The menu governor tries to deduce the next wakeup but based on events
per cpu. That means if a task with a specific behavior is migrated
across cpus, the statistics will be wrong. IMHO, the menu governor has
too much heuristic in there and may be we should consider the scheduler
to pass more informations to the governor and remove some of these
heuristics.
Beside that, on ARM the cpus could be coupled and the timer to detect
the prediction will wake up the entire cluster, making the power saving
less efficient and impacting the statistics of the other cpu.
--
<http://www.linaro.org/> Linaro.org │ Open source software for ARM SoCs
Follow Linaro: <http://www.facebook.com/pages/Linaro> Facebook |
<http://twitter.com/#!/linaroorg> Twitter |
<http://www.linaro.org/linaro-blog/> Blog
On Saturday, July 27, 2013 02:22:53 AM Len Brown wrote:
> >> OK, I'll queue up the reverts as fixes for 3.11-rc4.
> >
> > So, the reverts are on the fixes-next branch of the linux-pm.git tree that you
> > can access at
> >
> > http://git.kernel.org/cgit/linux/kernel/git/rafael/linux-pm.git/log/?h=fixes-next
> >
> > However, they are not simple reverts as we've had some non-trivial changes on
> > top of those commits already, so I'd appreciate it a lot if somebody could
> > double check if I didn't break anything in them.
>
> I've verified that the reverts improve netperf TCP_RR performance.
>
> Here I've got two Xeon's, slightly different, so I run in both directions.
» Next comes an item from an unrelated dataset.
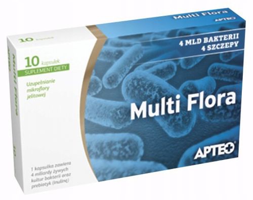 Preparat Multi Flora APTEO to aż 4 mld żywych kultur bakterii w postaci 4 specjalnie wyselekcjonowanych szczepów. Zawiera inulinę o właściwościach prebiotycznych. Nie wymaga przechowywania w lodówce. Składniki suplementu uzupełniają mikroflorę bakteryjną przewodu pokarmowego, utrzymują równowagę mikrobiologiczną podczas i po antybiotykoterapii, wspomagają funkcjonowanie bariery jelitowej, wspomagają naturalną odporność organizmu.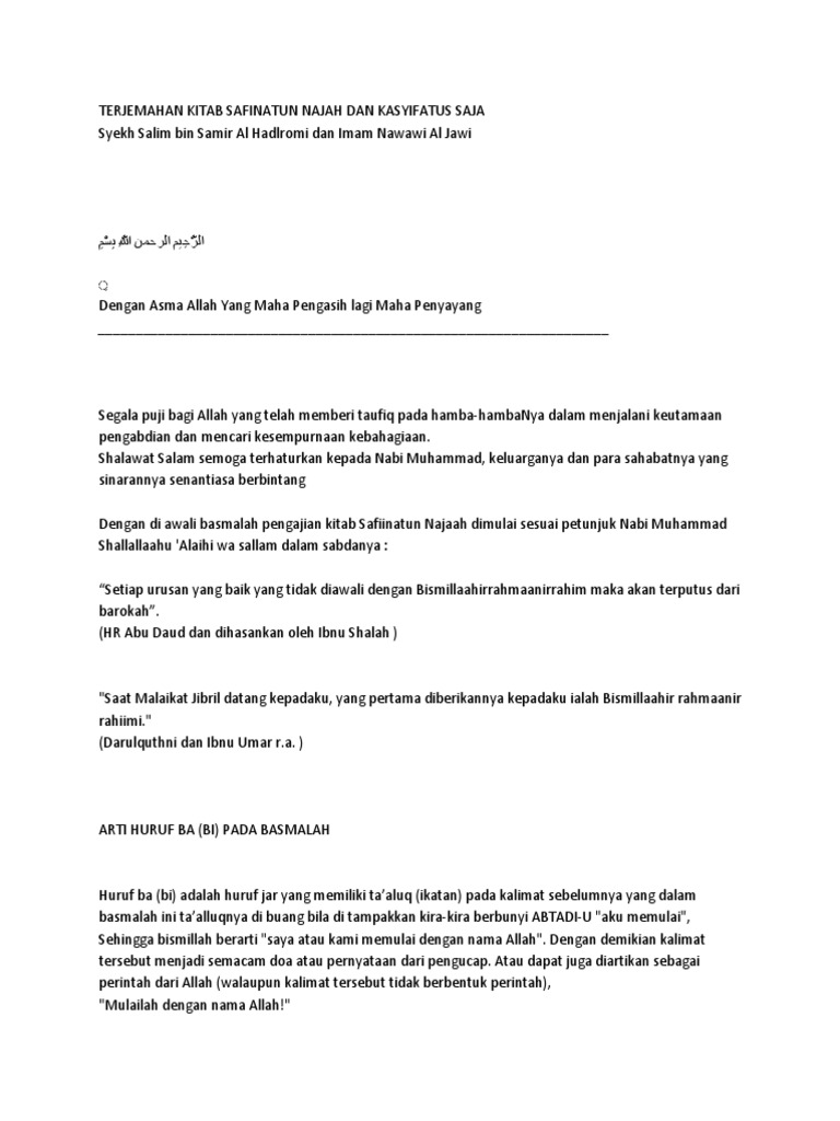 TERJEMAHAN KITAB SAFINATUN NAJAH DAN KASYIFATUS SAJA. Sebagaimana Kitab Fathul Qorib Kasifatus Saja adalah kitab fiqih yang populer dikaji santri pesantren karena disusun dengan tartib tematik dan menyimpan banyak masalah unik yang mudah dipecahkan. Setiap urusan yang baik yang tidak diawali dengan Bismillaahirrahmaanirrahim maka akan terputus dari barokah.

> Also I run two ways -- Out-of-the-box, plus with cpufreq
> set to max frequency. The reverts improve all 4 cases:
>
> JKT → IVT IVT → JKT
>
> 3.11.0-rc2 baseline w/o revert Out of Box
>
> 20420 19963
> 20658 19915
> 20298 20320
>
> 3.11.0-rc2 baseline w/o revert max freq
>
> 59658 51427
> 59663 51503
> 59416 51343
>
> 3.11.0-rc2-00002-g74bce39 Linux-pm “fixes-next” branch
>
> 3.11.0-rc2-00002-g74bce39 Out of box
> 23227 22056
> 23306 22125
> 23387 40226 40k result saw some 2.2 ghz
> vs 1.2 ghz in other runs
> 21991
>
> 3.11.0-rc2-00002-g74bce39 Max-freq
> 67240 57645
> 64880 56764
> 65924 57435
>
> Tested-by: Len Brown <[email protected]>
Many thanks Len!
Rafael
>
> Beside that, on ARM the cpus could be coupled and the timer to detect
> the prediction will wake up the entire cluster, making the power saving
> less efficient and impacting the statistics of the other cpu.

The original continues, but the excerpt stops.